As long as they are too big to fit in their mouth...you should be good to go.....usually once the guppy fry are 2-3 weeks old the betta can't even catch them to start and they should be too big too by 2-3 weeks of age....now the adult guppies on the other hand...they may or may not eat them or bite their tails.......this varies......I have some that do and some that don't but my female guppies also are nearly 2 inches long too.....big girls....lol.....

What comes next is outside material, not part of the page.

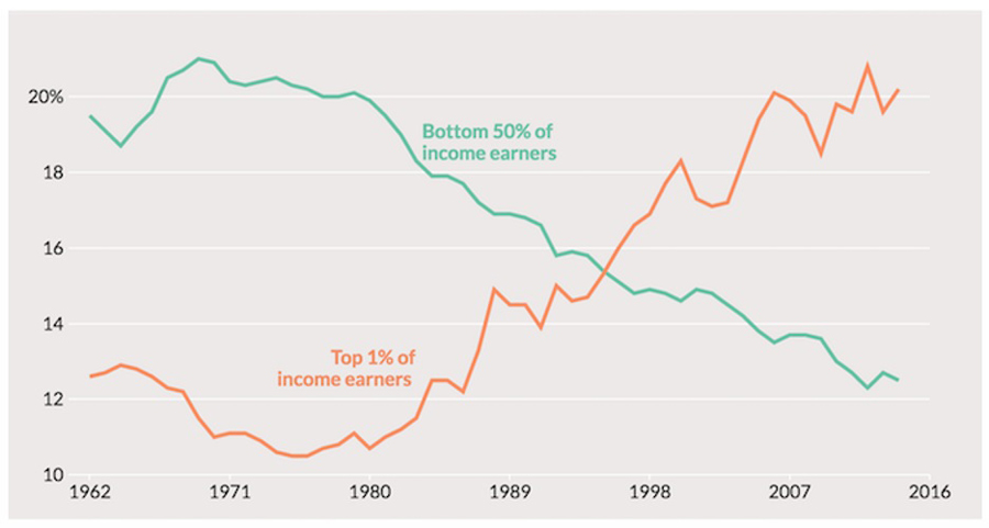 Of course, the pattern (and lesson) after LTCM was not headed, it simply continued… The Dot.Com Anti-Heroes…Just as the smoke was rising from the Connecticut rubble of LTCM, another classic asset bubble misconstrued as free-market prosperity was playing itself out in the form of a dot.com tech hysteria. In retrospect, the dot.com implosion seems obvious. But even at the time it was happening, that market (precisely like today’s) felt, well: Immortal, meme-driven and surreal. Consider Dell Inc. It started at $0.05 per share and grew to $54.00/share (a 1,100X multiple), only to slide back to 10.00/share. Today, similar unicorns abound and the magnificent 7, which comprise 30% of the S&P’s market cap (while violating every principal of the anti-trust laws I studied in law school) continue to act as sirens seducing FOMO sailors to the fatal rocks. The dot.com champagne party of the 1990’s, like its predecessor in the dapper 1920’s, ended in ruins, with the S&P down 45% and the wild-child NASDAQ off its prior highs by 80% in 2003. Today’s tech, real estate and bond bubbles, by the way, will be no different in their eventual fall from grace… Playing with Rates Rather than RealityIn the rubble of the dot.com bubble, the market-enamored policy makers at the Fed began the greatest rate reduction yet seen, resulting in a wide-open spigot for more easy credit, leverage and hence debt-induced market deformations. That is, they solved one tech bubble crisis by creating a new real estate bubble. A wide and embarrassing swath of wasteful M&A, stock-by-backs and LBO deals also took place. Highlights of this low point in “American deal making” include GE’s dive from $50 to $10 share prices. Net result? Did GE’s Mr. Jeffrey Immelt take his lumps heroically? Did the company learn the necessary lessons of reckless speculation in the fall from its 40X valuation peaks? No. Instead, GE’s CEO took a bailout… Larry SummersAnd then there’s the endless Larry Summers, the veritable patient-zero of the derivatives cancer… Larry Summers was the president of Harvard. He worked for Clinton; served as a Treasury Secretary. He made lots of opinionated (and well paid) speaking appearances. Even Ray Dalio hangs with him. But let’s not let credentials get in the way of facts. As La Rouchefoucauld noted centuries ago, the highest offices are not always – or even often – held by the highest minds. Opinions, of course, differ, but it’s hard not to list Larry Summers among the key architects behind the 2008 financial debacle “Where Larry Summers Went Wrong.“ Most veterans of recent market cycles pre and post 08, concede that OTC derivatives were the heart of the 2008 darkness. Bullied HeroDuring this period, Brooksley Born, then head of the CFTC (Commodity Futures Trading Commission)- openly warned of the derivative dangers of, well…derivatives. But in 1998, then Deputy Treasury Secretary Larry Summers telephoned her desk and openly bullied her: “I have 13 bankers in my office,” he shouted, “who tell me you’re going to cause the worst financial crisis since World War II” if she continued moving forward in bringing much needed transparency and reporting requirements to the OTC market. Larry then went on to attack Born publicly, condescendingly assuring Congress that her concerns about the potential unwieldiness of these instruments were exaggerated. As he promised: “The parties to these kind of contracts are largely sophisticated financial institutions that would appear to be eminently capable of protecting themselves from fraud and counter-party insolvencies.” But fast-forward less than a decade later (and an OTC derivatives market which Summers helped take from $95 Trillion to $670 Trillion), and we all learned how those “eminently capable” and “largely sophisticated financial institutions” (Bear, Lehman, Goldman, AIG et al…) created the worst financial crisis (and bailout) since World War II. More Bad Ideas, More Anti-HeroesIt’s worth remembering that neither Greenspan in 01 nor Bernanke in 08 ever saw these market crashes coming. Of course, neither did any of the “heroes” running the private banks or the US Treasury. Powell will be no different. The Fed’s record for calling a recession or market implosion in 0 in 10. Revisiting “Success”A man, Walt Whitman reminds, is many things. Most would agree that we are philosophically, economically, morally and historically designed to screw up – over and over again. What is less forgivable is not a lack of perfection, but rather a lack of accountability, even humility. We can’t all be brave RAF pilots. But sometimes, just being honest is heroic enough. Unfortunately, the anti-heroes touched upon above, and the countless other Wall Street “supermen” (whose executive to worker salary ratios are at 333:1) do not represent anything close to serving a cause greater than one’s own income or position. Anti-heroes like those above help explain the graph below and the new Feudalism that has replaced American capitalism:

Tank size make a difference IME....too small and smaller fish can be cornered and killed/injured......


----------



## turtle10 (Dec 30, 2010)

It is a 20 gallon. There are a bunch of little caves and plants on the bottom to hide in, and a lot of plants at the surface. Four of the guppies are pretty large, almost two inches. The fry were born on the 3rd or 4th of this month, so about two weeks old.


----------



## crowntail lover (Apr 25, 2009)

They should be fine. As long as there are plenty of hiding places and they are too big to fit in the Bettas mouth. 
But like OFL said. They adults might pick on them


----------



## turtle10 (Dec 30, 2010)

I put them in yesterday and everyone is doing great! I have seen the adults and betta come head to head with the fry and just leave them. Right now the fry are schooling with the rasboras, not the guppies! lol I guess it is because they are the same size.


----------



## crowntail lover (Apr 25, 2009)

Glad everything is going great


----------



## turtle10 (Dec 30, 2010)

Same, I was half expecting them to be gone this morning.


----------



## crowntail lover (Apr 25, 2009)

How many are there?


----------



## turtle10 (Dec 30, 2010)

Just three. I am sure there were more when they were born but those are the only ones I saw, the rest were probably eaten.


----------



## crowntail lover (Apr 25, 2009)

Yeah. I usually leave my fry with the adults and let mother nature do her thing.. But once I get my new strains going I will seperate them to grow outs.


----------



## turtle10 (Dec 30, 2010)

I wanted to save these fry because they were my first. I wanted to breed bettas but I don't have the time or space so I figured raising a baby guppy is the next best thing 

Although next time I will most likely let nature take its course as well lol


----------



## crowntail lover (Apr 25, 2009)

I have been breeding bettas for almost 4 years now.. And I have been in and out with Guppies and Mollies.. I recently had a huge blow out in my fish room, a mystery to what happened, and lost all my Bettas.. I only have 3 now. So I think Im gonna lay off breeding them for the year. But I have all my Mollies 40+ and I am wanting to get back into breeding and selling Guppies.


----------



## turtle10 (Dec 30, 2010)

Aw I am so sorry 

But it is exciting you are into breeding guppies!


----------



## crowntail lover (Apr 25, 2009)

Thanks, It was a huge loss, 25 adults and 2 spawns. 
But I have my mollies. :]. 
I can wait to get some guppies! I am tired of looking at all my empty tanks. 
four 10gs, two 20gs, three 5gs, five 2.5gs and three 30g grow out tubs.


----------